Lillee the bowler would not have forgiven himself such technical errors. He grimaced over half-volleys and castigated himself when a ball drifted, as the commentators say, down leg-side. But as an autobiographer, he has served up so many wides, long-hops and rank full tosses that it’s a bit hard to take the rest of the book seriously. This is unfortunate. Because of Lillee’s place not just in Australian sport but as a player in the huge cultural shift of the 1970s, what he has to say about his early life and the things that shaped him are worth recording – but in better ways than this. Like so many Australians, his childhood was a mix of endless summer days, hard yakka helping a none-too-wealthy family and a rapid rise once his talent was noticed. It’s the story we egalitarian Aussies love to hear about ourselves.

Once he became famous, Lillee then became this road map through all our lives. I remember sitting in the old Bob Stand watching this mass of arms and legs running into bowl at the SCG during one of his first Tests. I was there when he came out to bowl in pain against Pakistan, his mere presence so frightening to the tourists that they imploded against Max Walker. For every Lillee event, there is a link to some-thing in my life, which is doubtless the case for thousands of Australians.

By the time he retired, in the same Test as Greg Chappell and Rodney Marsh, at the SCG at the end of Pakistan’s 1983–84 tour, I had become a sports writer. The chance to interview the trio on that precious day remains a highlight of what I occasionally delude myself is a career. The chance to read this autobiography is less so. Much of it sounds as though it has been transcribed straight from the cassette recorder. That’s okay – not everyone can be Neville Cardus, especially a bank teller from Perth who could also bowl fast — but it does make for a bit of a ramble.

There’s an obligatory chapter on Doug Walter. You couldn’t go wrong with a whole volume on that bloke. None of the stories about Dungog’s most famous son is new, but, from Lillee’s perspective, they gain new life.

There’s some good stuff on why Sunil Gavaskar can’t be ranked among Lillee’s list of the greats. The little Indian scored runs all over the place, even against the West Indians in the West Indies, but never as assuredly against Lillee. The Australian rates him as a fair batsman only. Rather, he plumps for Gavaskar’s brother-in-law, GundappaViswanath. Who could argue with him?

However, there are these incessant mistakes to contend with.
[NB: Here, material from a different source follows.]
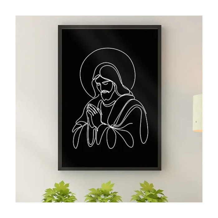 Quadro Jesus Moderno - One Line 45x34cm:moldura Preta

Wasn’t it Gary Player, not Jack Nicklaus, who said that the more he practised, the luckier he got?

Still, I persevered, wincing at the howlers as if struck by a Lillee bouncer, but keeping my head down. It was, I realised, as much a personal journey as accompanying Lillee through his colourful and occasionally incandescent life, and I was able to enjoy it for that.

So Den, just as we always did when you were at your zenith – the great fast bowler, the champion of a generation that had discovered that we no longer had to tug the forelock to Mother England or old blokes in ties and suits – you’re forgiven. But if I were you (and how many times in my younger years I wished I could have been), I’d be making a phone call or two to the amanuensis and his editor and indulging in a little bit of old-fashioned, red-hot Australian sledging.